Report this review (#33473)
Posted Monday, May 16, 2005 | Review Permalink
4 stars I think a lot of Beefheart fans like to argue about whether this record or the more famous "Trout Mask" is Van Vliet's best. I personally prefer the sprawling mystery of weird corners of "Trout", and I think the other reviewer Eric hit the nail on the head in saying "Lick" is similar to "Trout" only much more focused, and yes "angrier" too. Or at least, the sound here is definitely more aggressive "tear-your-head-off" where "Trout" has a more psychedelic hazy relaxed feel to it. So I suppose if you love the approach of "Trout" but want the "sillyness" removed, then this is definitely the one for you. Though I tend to prefer the "hypnotic" Captain to the "screaming" captain, so I have a hard time considering this one to be really all THAT great. I can't quibble with the approach as a whole, I guess it boils down to I think about half the songs are excellent, but some just seem "noisy and screamy" for the sake of "noisy and screamy."

NOT a good starting point forthe uninitiated, *unless* you are the type of person who loves John Zorn / Boredoms type of obnoxious craziness. (In that case, start here, but then you probably already knew about this LP!)

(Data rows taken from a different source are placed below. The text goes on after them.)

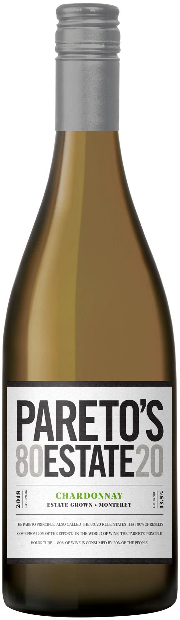 Winnica Pareto’s położona jest w AVA Monterey- amerykańskim obszarze upraw znajdującym się we wschodniej części hrabstwa Monterey w Kalifornii, będąc zarazem częścią większej AVA, którym jest Centralne Wybrzeże. Miejsce to znane jest z nieco chłodniejszego klimatu, gdzie chłodne popołudniowe wiatry wydłużają sezon wegetacyjny, co pozwala uzyskać lepszą jakość gron przy zachowaniu kluczowej kwasowości. W barwie jest jasnocytrusowe. W zapachu dominują aromaty czerwonych jabłek, gruszek, dojrzałych cytrusów, z subtelnymi nutami prażonego dębu, wanilii i toffi, co wskazuje na użycie beczek dębowych w procesie dojrzewania wina. Podniebienie jest dość treściwe i krągłe, dominuje posmak owoców tropikalnych i cytrusowych o zrównoważonej kwasowości i słodkimi przyprawami w końcówce. Podawać do krewetek albo homara w sosie maślanym, do przegrzebków, ravioli z nadzieniem mięsnym, pieczonego łososia i dań z kurczaka.
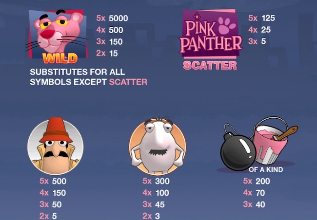 Zu den Symbolen gehören natürlich zunächst einmal die ganz typischen Symbole wie J, Q, K und A. Diese Symbole sorgen für kleinere Gewinne, können aber trotzdem recht lukrativ sein und einige Gewinne einbringen. Die Hauptcharaktere aus der Pink Panther Serie sind natürlich in dem Spielautomaten stark präsent und sorgen für viele Besonderheiten und mit ein bisschen Glück hohe Gewinne. Zu den wichtigsten Symbolen gehören natürlich der Panther und der Inspektor. Weitere besondere Symbole mit spannenden Gewinnen sind unter anderem der weiße Mann, die Bombe, der Eimer, die Lupe, die Fußspuren und das Pink Panther Logo.
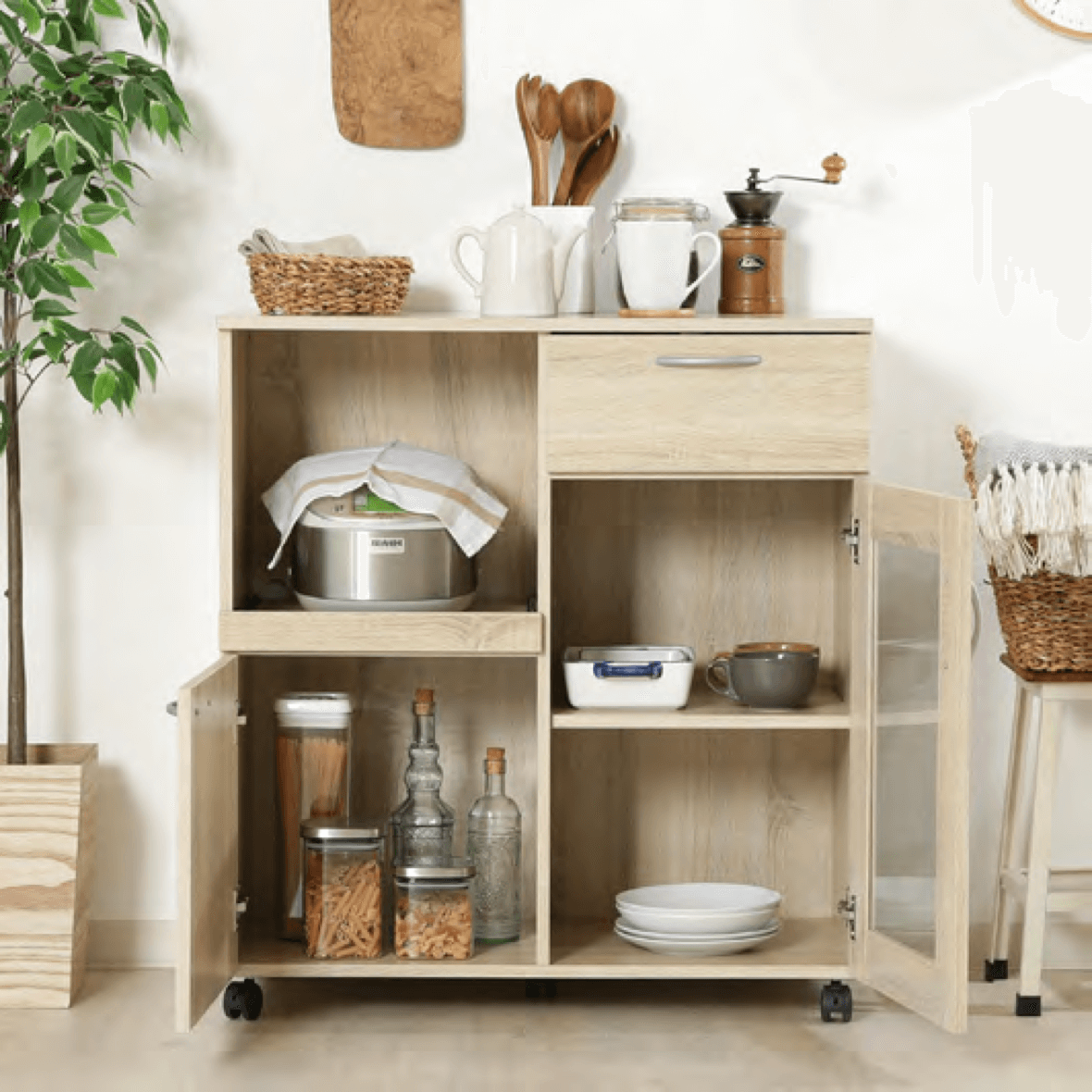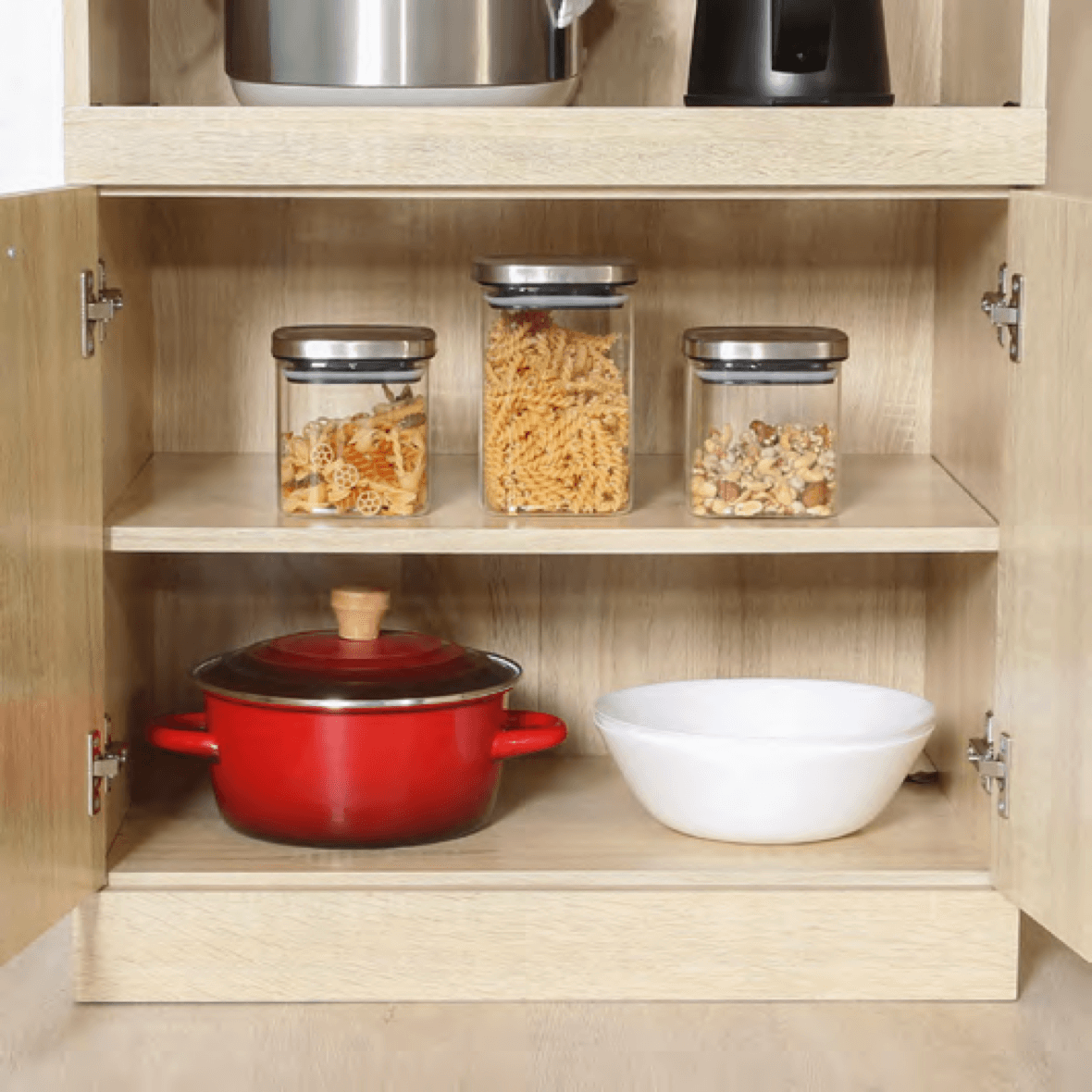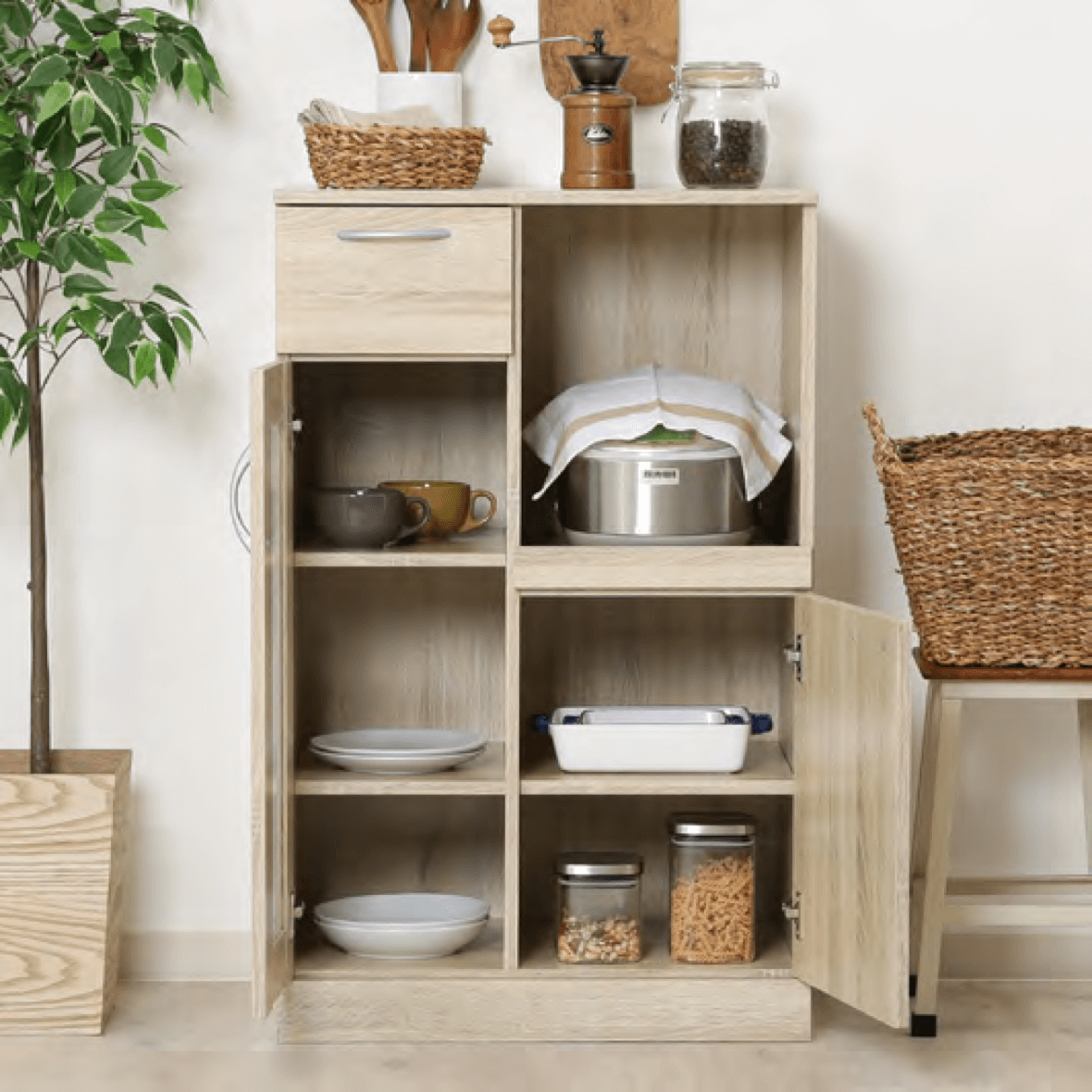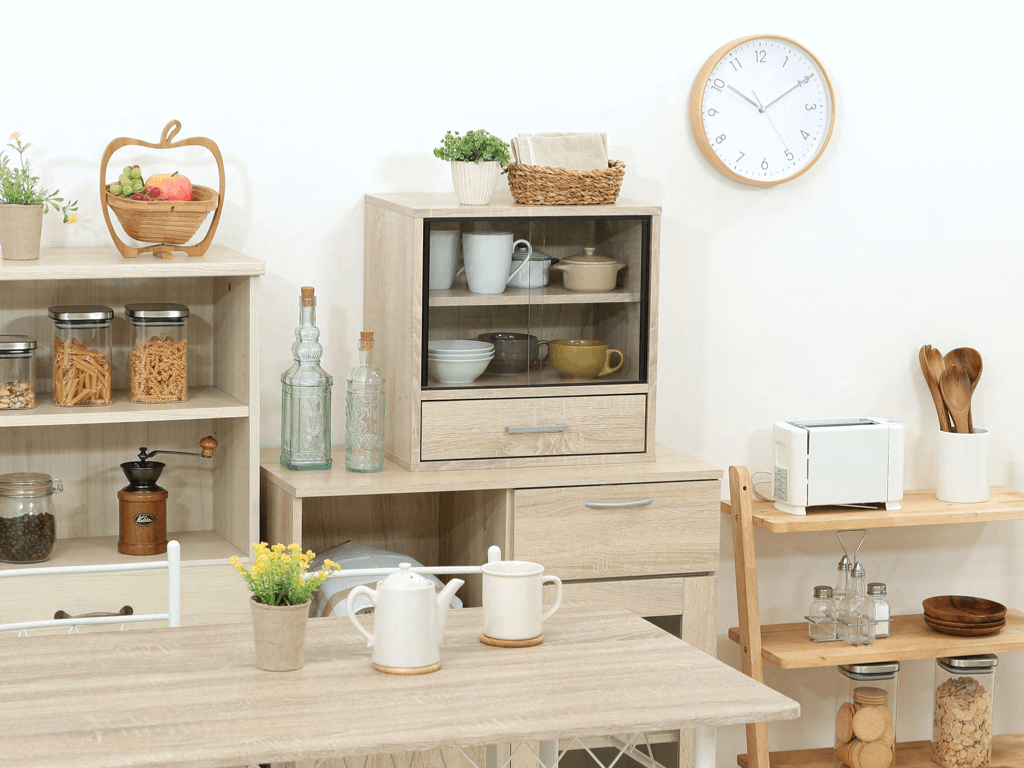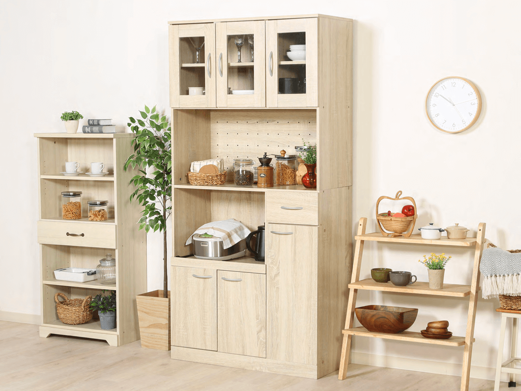 2 つの戸棚に分かれていて、細やかな収納が可能。食器や缶詰、お菓子などスッキリ 収納できます。
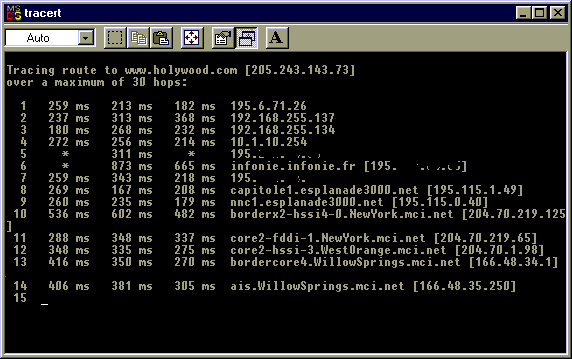 Voici une autre commande, autrement astucieuse. Vous savez que les messages émis sur le Net rebondissent d'un serveur à l'autre jusqu'à ce qu'ils arrivent à destination. Nul ne peut prévoir le chemin qu'ils emprunteront. Vous pouvez suivre un appel à la trace (on dit tracer un appel) avec la commande Windows Trace Route, appelée TRACERT. Elle semble absente de l'aide Windows.
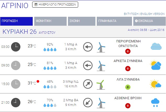 Ο καιρός στο Αγρίνιο σήμερα (Κυριακή, 26/08) – (Κείμενο-Φωτό-Ηχητικό)
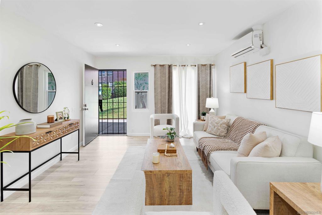 Step inside this beautifully updated 3-bedroom, 2-bath lower-level condo in the heart of Allied Gardens! Perfectly positioned just 5 minutes from Cowles Mountain and Mission Trails, this home offers the ultimate blend of comfort, convenience, and lifestyle. Step inside to find a thoughtfully designed floor plan featuring new paint, laminate flooring and a stylish peninsula with a waterfall edge quartz countertop, ideal for casual dining or entertaining. The in-unit washer and dryer, AC, and private patio add ease and functionality to everyday living. The community is a true retreat, surrounded by lush, well maintained greenery. Just steps from your front door, enjoy resort style amenities including a sparkling pool, relaxing spa, sauna, clubhouse, and gym. It’s also a pet-friendly community, making it the perfect fit for animal lovers who want both convenience and outdoor space. Beyond the complex, you’ll love the close proximity to top rated schools, shopping, dining, and endless outdoor activities. Whether you’re hiking scenic trails, grabbing a coffee nearby, or unwinding at home, this offers a lifestyle that balances relaxation with adventure!

Of course for Beefheart fans, this one is absolutely essential.

Report this review (#50581)
Posted Friday, October 7, 2005 | Review Permalink
Sean Trane
Prog Folk
4 stars After his career summit Trout Mask Replica, Beefheart set the bar a little higher and came close to succeeding. Overall this album is a little more raw and aggressive (but by some strange way also more refined), but is this not what Beefheart is all about?

Miles away from the classic progressive records of the era, Beefheart was standing in a class of its own with only high school classmate Zappa standing close to him (can you imagine being in that classroom as a teacher or even as a student?;-). In some ways, when listening to Japan In A Dishpan or the Flash Gordon Ape finale, Van Vliet is closer to Coltrane in his free-jazz period than rock, but he does not have the same discipline. One of the things I find with Beefheart albums is that the role of HMB musos is frequently under-estimated (even if it clear that Van Vliet IS CB&HMB), but they are really all excellent at their role and the album would not be the same without those precise musos, especially Art Tripp.

Although Agnes's review is rather a little too enthusiastic (I think she forgot we were on a prog site), her review remains excellent, and she describes the feeling better than I could ever do it, so please do read her review (but skip the first five lines). The 15 short tracks (outside the 5 min finale, the next longest track is 3:35) are following each other at such a frenetic pace, that is does make you dizzy to keep track of them, so it is better to let the full mass of the album shock, hit, maim, wound, butcher, cut, kill and bury you and not fight it. "Uncanny meisterwerk" would have said Mr. Citystart.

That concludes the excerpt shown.